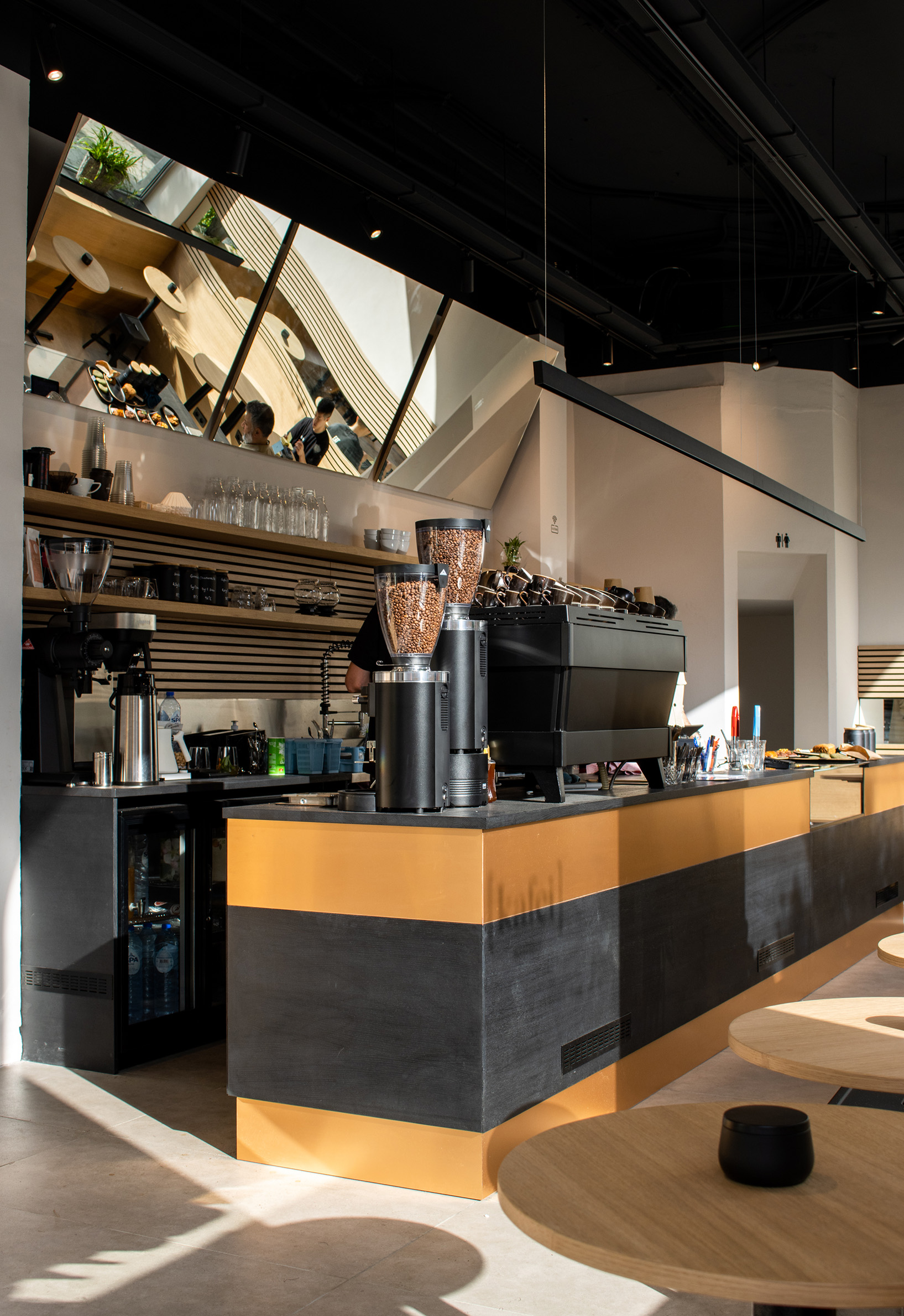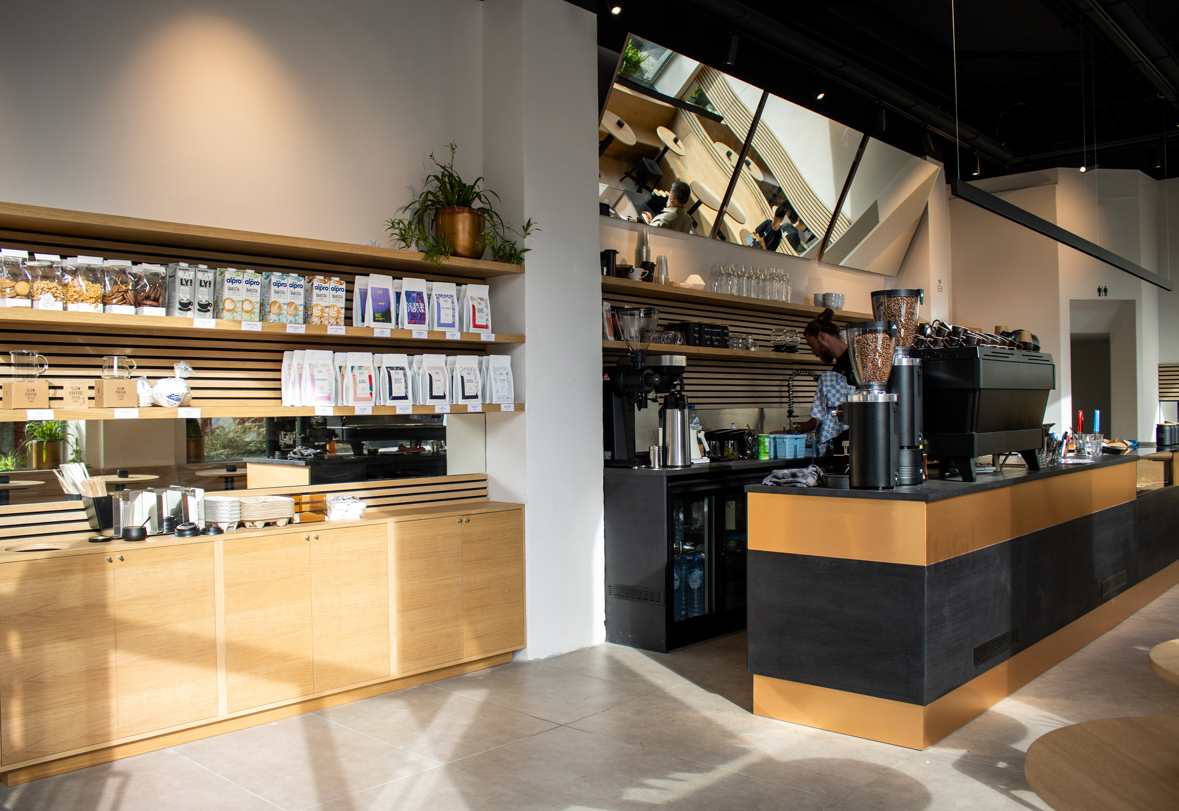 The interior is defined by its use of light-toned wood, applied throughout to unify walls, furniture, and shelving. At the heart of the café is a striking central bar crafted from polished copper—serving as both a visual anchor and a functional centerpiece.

--

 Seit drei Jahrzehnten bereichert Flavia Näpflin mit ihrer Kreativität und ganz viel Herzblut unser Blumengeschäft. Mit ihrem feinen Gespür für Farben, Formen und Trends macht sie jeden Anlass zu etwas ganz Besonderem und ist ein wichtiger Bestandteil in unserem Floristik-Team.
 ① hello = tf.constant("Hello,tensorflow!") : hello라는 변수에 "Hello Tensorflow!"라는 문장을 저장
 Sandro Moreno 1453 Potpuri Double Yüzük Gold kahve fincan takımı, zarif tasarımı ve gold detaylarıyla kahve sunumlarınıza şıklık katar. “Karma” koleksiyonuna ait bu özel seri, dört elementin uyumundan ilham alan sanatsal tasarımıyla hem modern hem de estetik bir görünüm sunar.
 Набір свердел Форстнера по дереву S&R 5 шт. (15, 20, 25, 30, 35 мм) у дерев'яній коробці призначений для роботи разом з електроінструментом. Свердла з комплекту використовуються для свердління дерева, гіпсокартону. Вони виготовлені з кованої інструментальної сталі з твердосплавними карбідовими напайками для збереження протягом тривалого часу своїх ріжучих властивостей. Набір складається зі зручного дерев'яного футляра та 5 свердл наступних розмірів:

...

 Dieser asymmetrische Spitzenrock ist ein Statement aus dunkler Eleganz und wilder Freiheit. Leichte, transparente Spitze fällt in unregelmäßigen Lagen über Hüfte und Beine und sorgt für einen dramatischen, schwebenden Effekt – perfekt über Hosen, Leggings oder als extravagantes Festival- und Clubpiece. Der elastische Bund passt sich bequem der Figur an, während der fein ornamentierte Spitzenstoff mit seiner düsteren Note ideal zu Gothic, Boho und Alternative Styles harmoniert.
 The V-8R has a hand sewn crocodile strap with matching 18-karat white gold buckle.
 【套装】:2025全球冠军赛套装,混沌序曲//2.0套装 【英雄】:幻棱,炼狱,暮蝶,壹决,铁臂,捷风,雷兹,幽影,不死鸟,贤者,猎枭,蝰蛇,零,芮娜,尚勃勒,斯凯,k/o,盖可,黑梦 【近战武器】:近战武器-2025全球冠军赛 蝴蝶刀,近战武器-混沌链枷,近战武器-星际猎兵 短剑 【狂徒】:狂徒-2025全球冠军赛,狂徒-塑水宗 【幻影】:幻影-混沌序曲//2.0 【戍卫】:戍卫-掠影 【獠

▶ _WHAT YOU ARE ASKED TO DO_
Beginning at the line with "Dieser asymmetrische Spitzenrock" and ending at the line with "短剑 【狂徒】:狂徒-2025全球冠军赛,狂徒-塑水宗 【幻影】:幻影-混沌序曲//2.0 【戍卫】:戍卫-掠影 【獠", reproduce each line of the data above exactly, and add no other lines.

▶ _SOLUTION TO THE PROBLEM_
 Dieser asymmetrische Spitzenrock ist ein Statement aus dunkler Eleganz und wilder Freiheit. Leichte, transparente Spitze fällt in unregelmäßigen Lagen über Hüfte und Beine und sorgt für einen dramatischen, schwebenden Effekt – perfekt über Hosen, Leggings oder als extravagantes Festival- und Clubpiece. Der elastische Bund passt sich bequem der Figur an, während der fein ornamentierte Spitzenstoff mit seiner düsteren Note ideal zu Gothic, Boho und Alternative Styles harmoniert.
 The V-8R has a hand sewn crocodile strap with matching 18-karat white gold buckle.
 【套装】:2025全球冠军赛套装,混沌序曲//2.0套装 【英雄】:幻棱,炼狱,暮蝶,壹决,铁臂,捷风,雷兹,幽影,不死鸟,贤者,猎枭,蝰蛇,零,芮娜,尚勃勒,斯凯,k/o,盖可,黑梦 【近战武器】:近战武器-2025全球冠军赛 蝴蝶刀,近战武器-混沌链枷,近战武器-星际猎兵 短剑 【狂徒】:狂徒-2025全球冠军赛,狂徒-塑水宗 【幻影】:幻影-混沌序曲//2.0 【戍卫】:戍卫-掠影 【獠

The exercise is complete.